◆ Task input:
-------

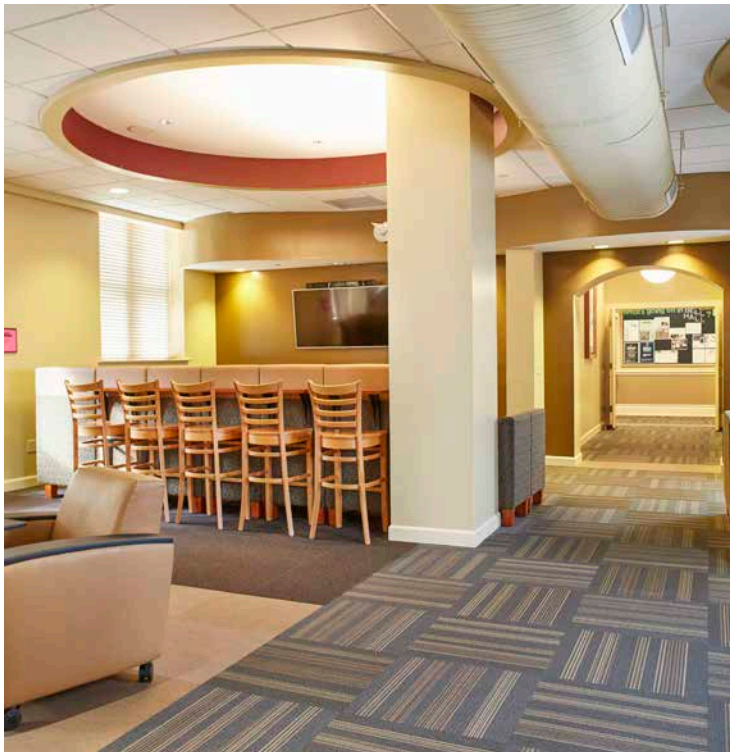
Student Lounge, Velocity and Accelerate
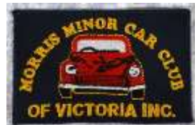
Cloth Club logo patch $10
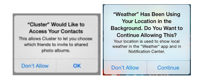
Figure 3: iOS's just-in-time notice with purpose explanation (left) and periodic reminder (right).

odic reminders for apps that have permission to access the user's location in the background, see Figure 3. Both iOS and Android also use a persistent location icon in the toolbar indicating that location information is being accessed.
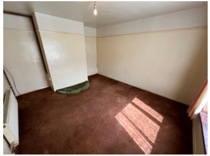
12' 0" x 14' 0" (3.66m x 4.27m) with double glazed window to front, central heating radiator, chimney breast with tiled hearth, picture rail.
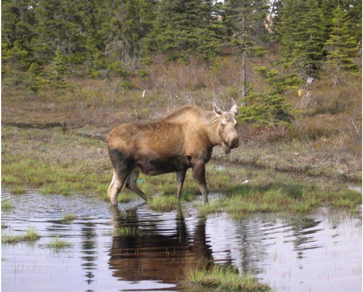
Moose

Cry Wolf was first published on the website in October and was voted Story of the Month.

-------

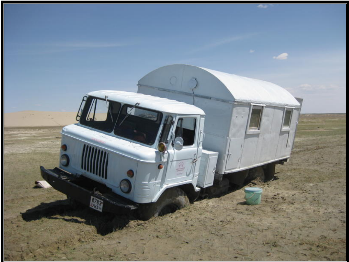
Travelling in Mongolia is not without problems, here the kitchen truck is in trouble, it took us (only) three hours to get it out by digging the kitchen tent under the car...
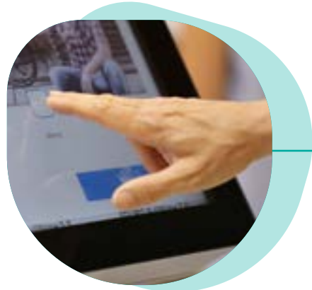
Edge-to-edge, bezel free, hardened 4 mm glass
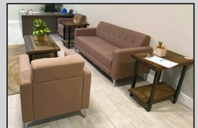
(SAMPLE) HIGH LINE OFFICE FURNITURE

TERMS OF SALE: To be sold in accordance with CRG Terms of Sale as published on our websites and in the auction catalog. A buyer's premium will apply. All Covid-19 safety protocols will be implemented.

-------

◆ Your assignment: In the entries above, which lines run from the one with "Student Lounge, Velocity and Accelerate" up to and including the one with "Figure 3: iOS's"? Write them out exactly, without the pictures.

◆ Exercise response:
Student Lounge, Velocity and Accelerate
Cloth Club logo patch $10
Figure 3: iOS's just-in-time notice with purpose explanation (left) and periodic reminder (right).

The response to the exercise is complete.